Output (stdout, JSON): {"findings": [...], "summary": {...}}
  --summary-only emits a structured tree block instead, used by edit-mode and finalize.
  --tree emits a plain-text tree to stdout, used by Stage 6.
Exit codes: 0 if no errors (warnings ok), 1 if any error finding, 2 on internal error.

Flags:
  --lax              skip sizing warnings; never relaxes schema or dep checks
  --epic NN-kebab    limit walks to a single epic folder (still resolves cross-epic refs).
                     Errors if the named folder doesn't exist.
  --inventory FILE   path to inventory.json (or .bmad-cache/inventory.json); when present,
                     missing requirement codes are reported. Default level is warning;
                     pair with --coverage-strict to escalate to error.
  --coverage-strict  upgrade coverage-missing findings from warning to error
  --summary-only     emit tree-shaped summary JSON only (no schema findings); intended for
                     prompts that need to see what's there without re-reading every file
  --tree             emit a plain-text tree (epic folders, story files, statuses) and exit 0
"""

from __future__ import annotations

import argparse
import json
import re
import sys
from collections import Counter, defaultdict
from pathlib import Path

# Same directory; both files are shipped together as the skill's scripts/.
sys.path.insert(0, str(Path(__file__).resolve().parent))
from extract_coverage import extract_coverage_section, parse_coverage_section  # noqa: E402

STORY_TYPES = {"feature", "bug", "task", "spike"}
STATUSES = {"draft", "ready", "in-progress", "review", "done", "blocked"}
STORY_KEYS = {"title", "type", "status", "epic", "depends_on", "metadata"}
STORY_REQUIRED = {"title", "type", "status", "epic", "depends_on"}
EPIC_KEYS = {"title", "epic", "status", "depends_on", "metadata"}
EPIC_REQUIRED = {"title", "epic", "status", "depends_on"}

def _story_coverage_codes(stext: str) -> set[str]:
    """Codes claimed by a story's ``## Coverage`` section.
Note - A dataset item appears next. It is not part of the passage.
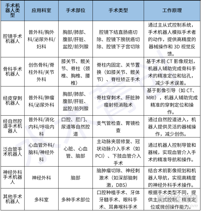 手術(shù)機(jī)器人的發(fā)展可以追溯到20世紀(jì)80年代,早期的機(jī)器人主要用于輔助手術(shù)定位和導(dǎo)航。隨著技術(shù)的進(jìn)步,手術(shù)機(jī)器人逐漸實(shí)現(xiàn)了從輔助工具到獨(dú)立操作平臺(tái)的轉(zhuǎn)變。手術(shù)機(jī)器人根據(jù)應(yīng)用場景和技術(shù)特點(diǎn)可以分為以下幾類[1]:

Empty if no section."""
    section = extract_coverage_section(stext)
    if section is None:
        return set()
    ac_map = parse_coverage_section(section)
    return {c for codes in ac_map.values() for c in codes}


def parse_frontmatter(text: str) -> tuple[dict | None, str | None]:
    if not text.startswith("---\n"):
        return None, "missing front matter (expected leading '---')"
    end = text.find("\n---", 4)
    if end == -1:
        return None, "front matter not closed (expected closing '---')"
    return _parse_block(text[4:end])


def _parse_block(block: str) -> tuple[dict | None, str | None]:
    out: dict = {}
    lines = block.split("\n")
    i = 0
    while i < len(lines):
        line = lines[i]
        if not line.strip() or line.lstrip().startswith("#"):
            i += 1
            continue
        if line.startswith(" "):
            return None, f"unexpected indented line: {line!r}"
        if ":" not in line:
            return None, f"line missing colon: {line!r}"
        key, _, val = line.partition(":")
        key = key.strip()
        val = val.strip()
        if val == "":
            children = []
            j = i + 1
            while j < len(lines) and (lines[j].startswith("  ") or not lines[j].strip()):
                children.append(lines[j])
                j += 1
            out[key] = _parse_indented(children)
            i = j
            continue
        out[key] = _parse_scalar_or_list(val)
        i += 1
    return out, None


def _parse_scalar_or_list(val: str):
    if val.startswith("[") and val.endswith("]"):
        inner = val[1:-1].strip()
        if not inner:
            return []
        return [_unquote(p.strip()) for p in _split_top_level(inner, ",")]
    return _unquote(val)


def _split_top_level(s: str, sep: str) -> list[str]:
    out, cur, depth, in_q = [], [], 0, None
    i = 0
    while i < len(s):
        c = s[i]
        if in_q:
            cur.append(c)
            if c == "\\" and i + 1 < len(s):
                cur.append(s[i + 1])
                i += 2
                continue
            if c == in_q:
                in_q = None
        elif c in '"\'':
            in_q = c
            cur.append(c)
        elif c in "[{":
            depth += 1
            cur.append(c)
        elif c in "]}":
            depth -= 1
            cur.append(c)
        elif c == sep and depth == 0:
            out.append("".join(cur))
            cur = []
        else:
            cur.append(c)
        i += 1
    if cur:
        out.append("".join(cur))
    return out


def _unquote(val: str) -> str:
    val = val.strip()
    if len(val) >= 2 and val[0] == val[-1] and val[0] in "\"'":
        inner = val[1:-1]
        if val[0] == '"':
            return inner.replace('\\"', '"').replace("\\\\", "\\")
        return inner
    return val


def _parse_indented(lines: list[str]) -> dict:
    out: dict = {}
    for line in lines:
        s = line.strip()
        if not s or s.startswith("#") or ":" not in s:
            continue
        key, _, val = s.partition(":")
        out[key.strip()] = _unquote(val.strip())
    return out


def _find_cycles(graph: dict[str, list[str]]) -> list[list[str]]:
    cycles: list[list[str]] = []
    state: dict[str, int] = {}
    stack: list[str] = []

    def dfs(node: str) -> None:
        state[node] = 1
        stack.append(node)
        for nxt in graph.get(node, []):
            if state.get(nxt) == 1:
                cycles.append(stack[stack.index(nxt):] + [nxt])
            elif state.get(nxt, 0) == 0:
                dfs(nxt)
        stack.pop()
        state[node] = 2

    for n in graph:
        if state.get(n, 0) == 0:
            dfs(n)
    return cycles


def _inventory_codes(inventory: dict) -> list[tuple[str, str]]:
    """Return a flat (code, text) list across every category in an inventory dict.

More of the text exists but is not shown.